● EXERCISE DATA
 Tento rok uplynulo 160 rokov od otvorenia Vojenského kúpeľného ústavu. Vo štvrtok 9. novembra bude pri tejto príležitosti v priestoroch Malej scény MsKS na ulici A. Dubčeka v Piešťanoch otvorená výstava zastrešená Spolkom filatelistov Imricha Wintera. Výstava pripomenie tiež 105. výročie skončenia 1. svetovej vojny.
---
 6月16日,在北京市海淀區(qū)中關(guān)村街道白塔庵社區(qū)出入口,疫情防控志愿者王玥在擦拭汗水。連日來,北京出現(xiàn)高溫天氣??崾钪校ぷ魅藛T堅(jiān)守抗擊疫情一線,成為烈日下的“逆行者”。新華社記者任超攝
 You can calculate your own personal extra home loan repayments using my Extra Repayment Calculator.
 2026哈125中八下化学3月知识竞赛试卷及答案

● EXERCISE AIM
All that belongs in the answer is the run of lines above from the line containing "You can calculate" through the line containing "2026哈125中八下化学3月知识竞赛试卷及答案", exactly as written.

● ANSWER SPACE
 You can calculate your own personal extra home loan repayments using my Extra Repayment Calculator.
 2026哈125中八下化学3月知识竞赛试卷及答案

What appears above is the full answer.